In the early part of the year we went to huge lengths to cut down our outgoings. We changed gas and electricity supplier, we changed our mobile phone contracts and we also shopped around loads for groceries to save money on the weekly shop. When our fixed rate mortgage deal came to an end we went along to our building society to try to get a new deal from them. At the same time we also looked across the market as a whole to see if anyone else had a better deal.
There were deals to be had out there and it looked quite possible that we’d be able to reduce our monthly mortgage payments by a considerable amount. We therefore approached a building society (one that happens to be owned by the people we already have a mortgage with – although they run the two businesses as separate entities) to see if we qualified for a particular fixed rate offset product. As you’d expect we went through the whole process of telling them about our income and explained about my sparodic income from blogging.

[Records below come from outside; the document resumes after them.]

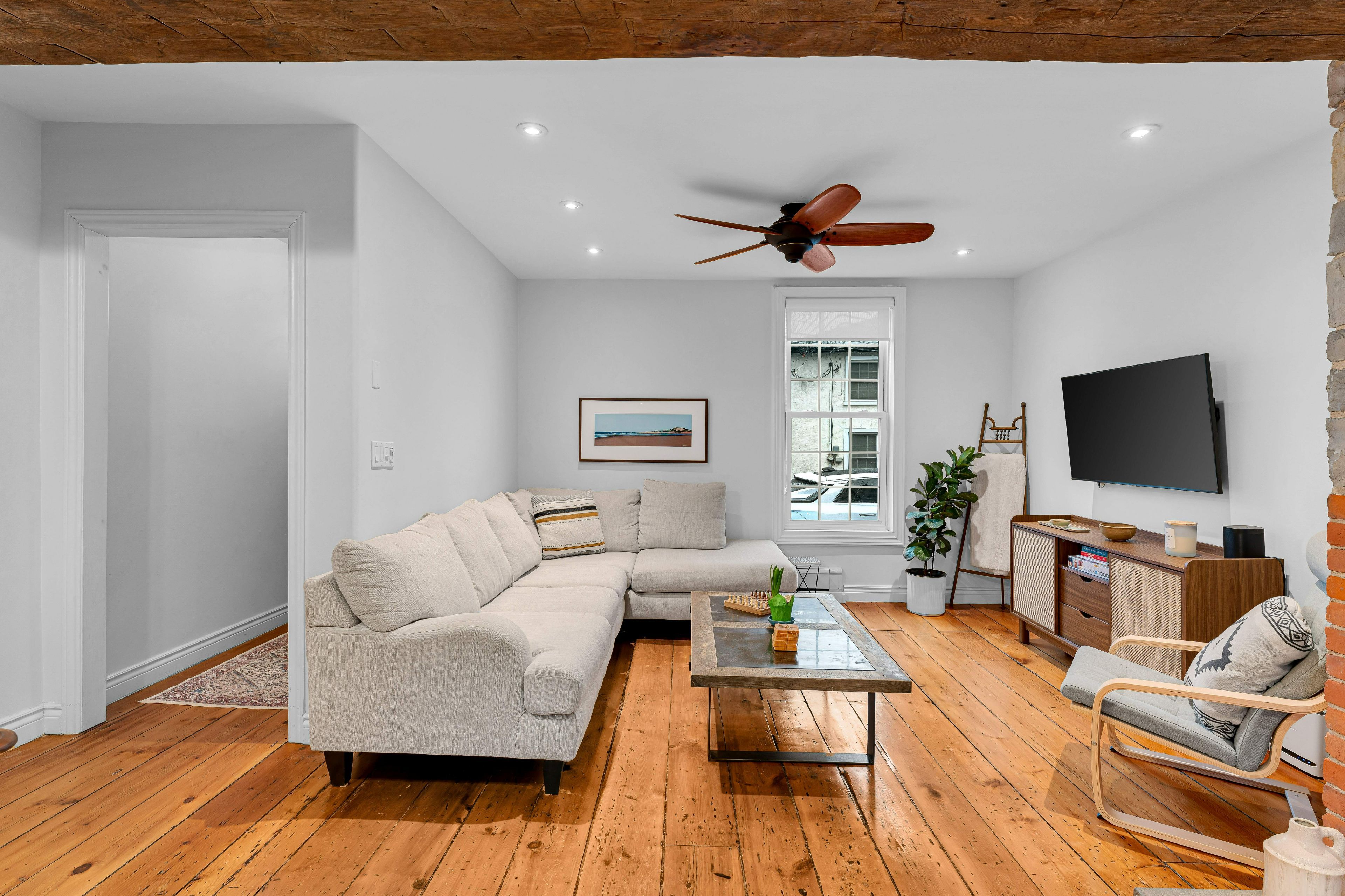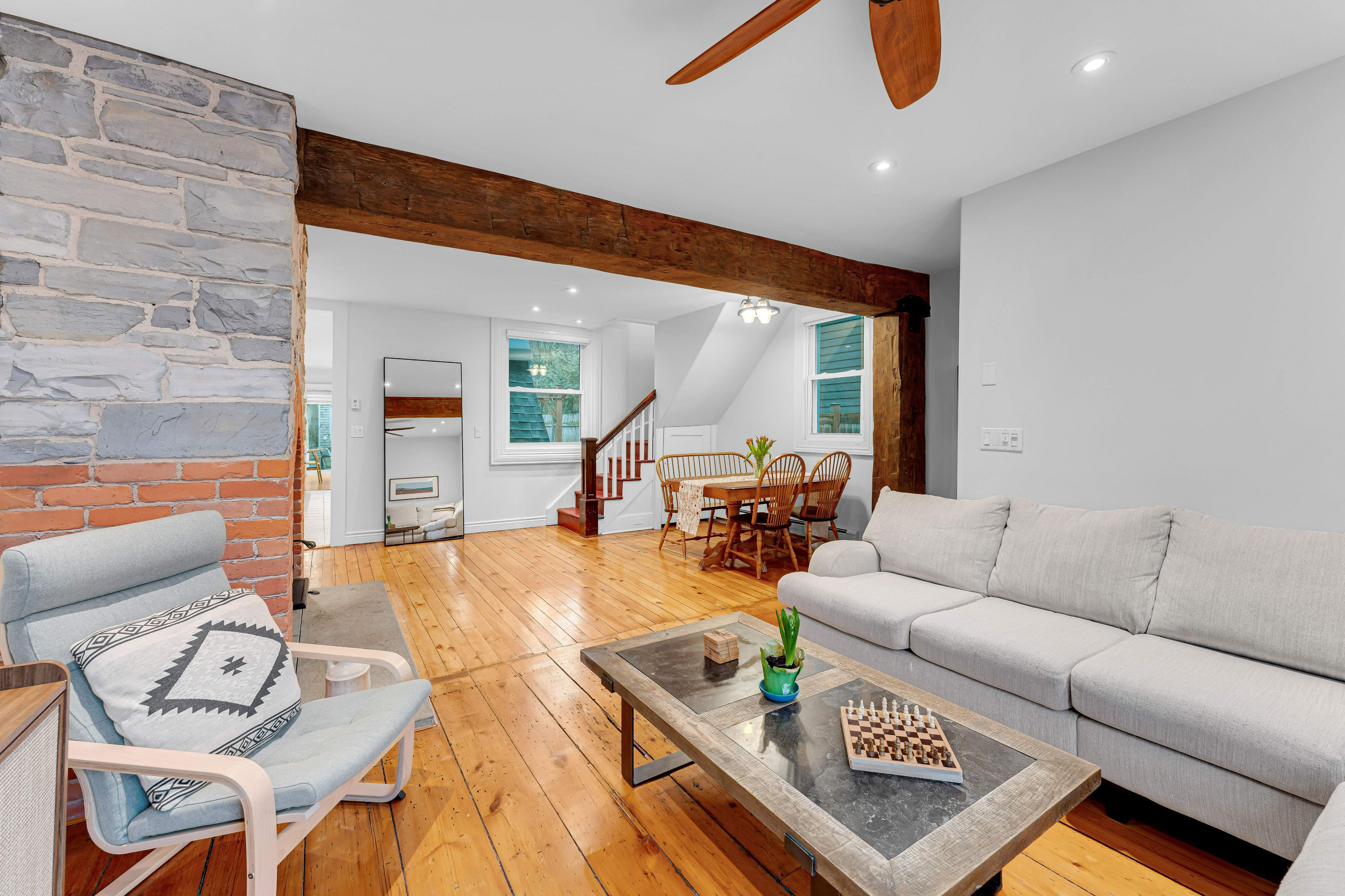 • Charming 1870 home featuring original pine plank floors and exposed brick.
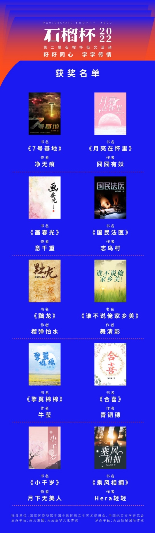 現(xiàn)場(chǎng)揭曉了第二屆石榴杯征文活動(dòng)的獲獎(jiǎng)名單。本屆石榴杯以“籽籽同心 字字傳情”為主題,經(jīng)專家顧問團(tuán)、影視平臺(tái)推薦及嚴(yán)格評(píng)審,《7號(hào)基地》《月亮在懷里》《畫春光》《國(guó)民法醫(yī)》《黜龍》《誰不說俺家鄉(xiāng)美》《擎翼棉棉》《合喜》《小千歲》《乘風(fēng)相擁》等10部網(wǎng)絡(luò)文學(xué)作品獲得“優(yōu)秀作品獎(jiǎng)”,并將被收錄入中國(guó)民族文化資源庫。
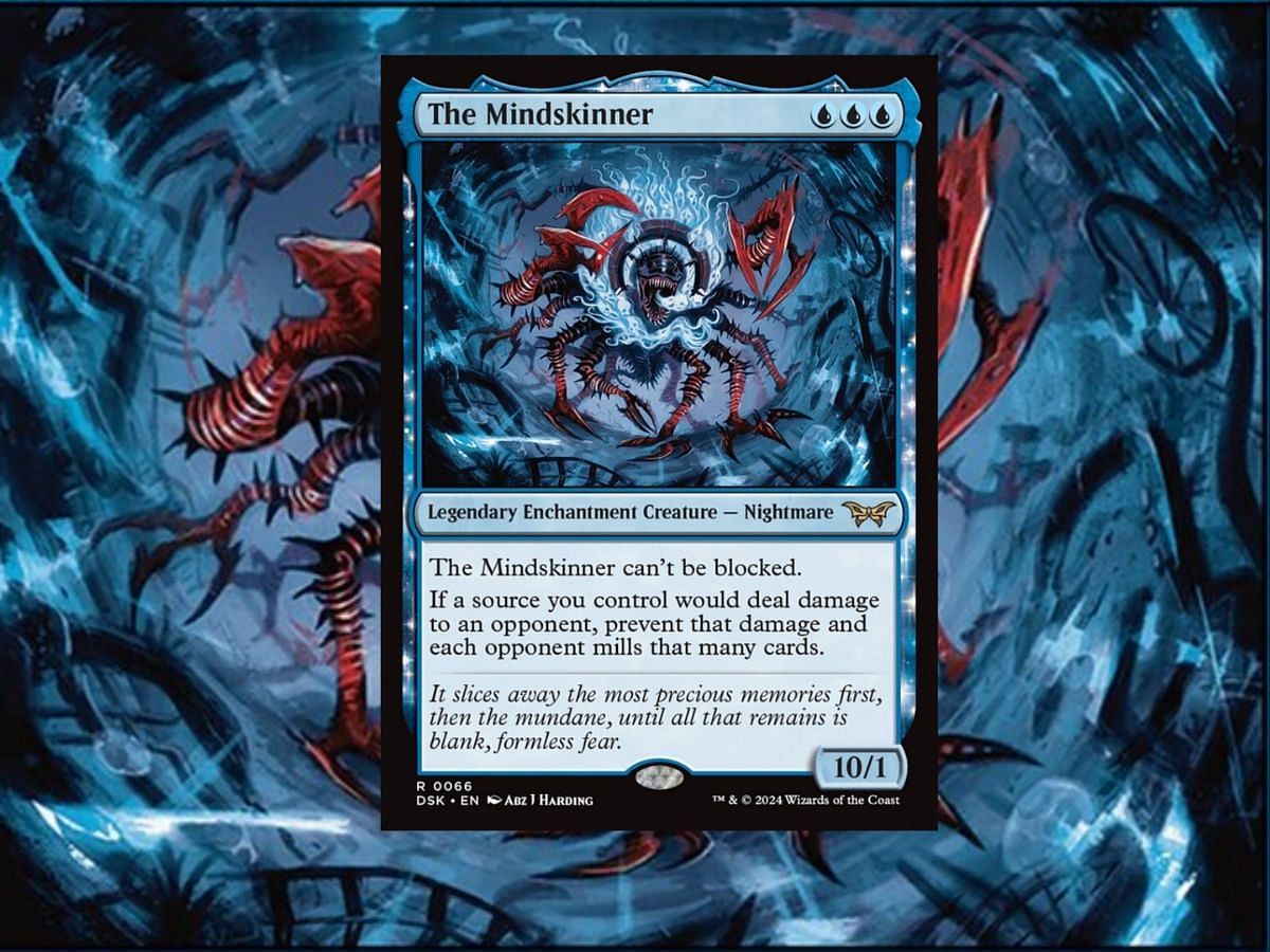 My personal favorite that I’d actually run in a deck is probably The Mindskinner. One of MTG Duskmourn’s best Commanders, it’s a 10/1 that can’t be blocked. I would 100% run this with something to make it indestructible, just to avoid it being Lightning Bolted. If a source you control deals damage to an opponent, prevent that damage and each opponent mills that many cards.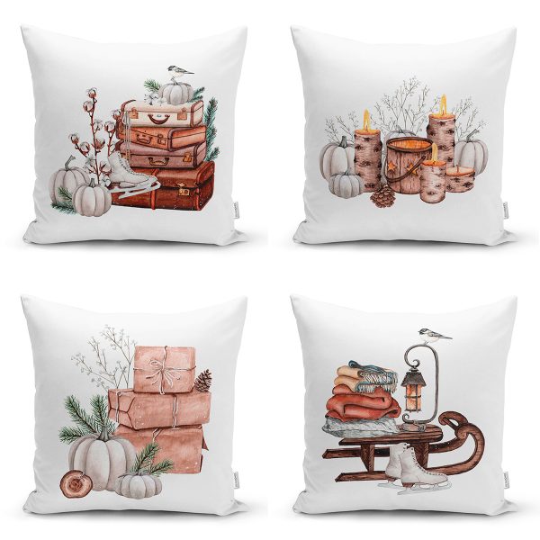 4’lü Kış Temalı Özel Tasarım Dijital Baskılı Modern Kırlent Kılıfı Seti
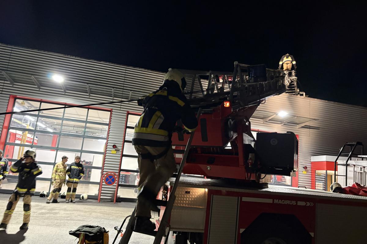 An dieser Station wurde das Auf- und Absteigen über die Drehleiter beübt. Dies ist besonders wichtig, um im Einsatzfall bei Bedarf einen Atemschutztrupp austauschen zu können, ohne die Drehleiter einfahren zu müssen. Zudem kann es im Notfall erforderlich sein, mehrere Personen über die Drehleiter zu retten.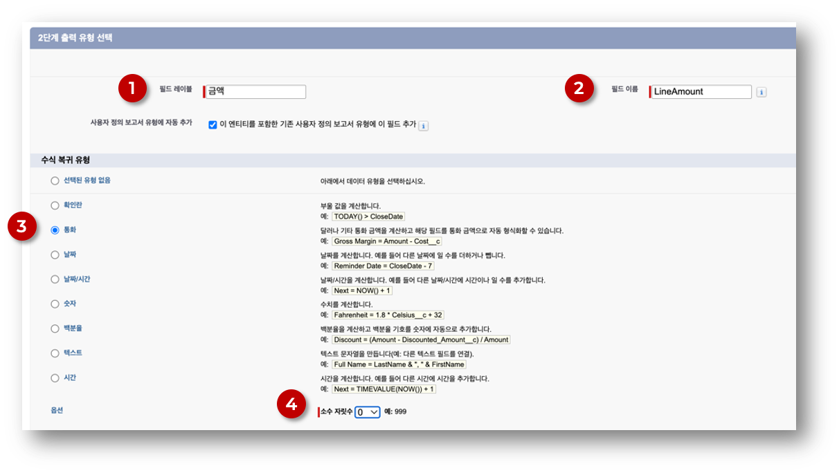 ⓷ 수식 복귀 유형 = ‘통화’ : 수식의 결과 데이터 유형.

The thing that had changed in the five years since we last got a mortgage though was the new rules relating to affordability. Mortgage lenders are now asking you to complete a questionnaire about your outgoings. We’d done similar for a mortgage broker before, so didn’t think this would present any problems. We entered all the stuff about utility bills, mobile phone bills, monthly food bills, childcare costs and all sorts of other things. Then they pressed a magic button and came back with “computer says no”. Errrr, what?
So basically the new system tells the building society that if they were to give us a new mortgage, with a lower interest rate and lower monthly repayments than what we have now then it would not be affordable. Despite the fact that we currently pay our considerably higher mortgage repayments every month without fail. So, reducing our total monthly outgoings would make it unaffordable. How on earth does that come even close to common sense?
All that work that we’ve done to save money on everything else just seems pointless when told that we can’t reduce our biggest monthly expenditure because a system says no. It goes without saying that we’re both feeling rather mad about this. Angry and frustrated with no idea quite what to do next.
What we have done is talk more and more to the building society in question and thankfully it seems that someone there finally had the common sense to talk to their underwriters who are currently considering our case. We’ve had to provide a crazy amount of information – including a copy of a letter from Little Miss C’s school saying that she’ll definitely be going there next year so we won’t have any pre-school fees to pay any more and it will reduce that line item in the spreadsheet! Apparently it’s our childcare costs that push us into that unaffordable category – yet all we pay for is one day a week at nursery for Master C and one afternoon and two one hour lunch-clubs a week (term time only) for LMC. It’s not as if they’re both in full time childcare – and I dread to think what the response would have been if they were.
The new system just seems incredibly flawed to me. If you’re already paying a monthly repayment without any problems then to deny you moving to a product with a lower monthly repayment on grounds of affordability is crackers.
Needless to say it’s made all my thrifty efforts seem pointless and my motivation has suffered greatly. I know I shouldn’t let it, but some things are easier said than done. So, for the next week or so please keep your fingers crossed for us and hope that the underwriters have some common sense when they consider our case. In the meantime I’d better get back to being ultra thrifty as we might have to keep up these higher repayments for much longer than we planned.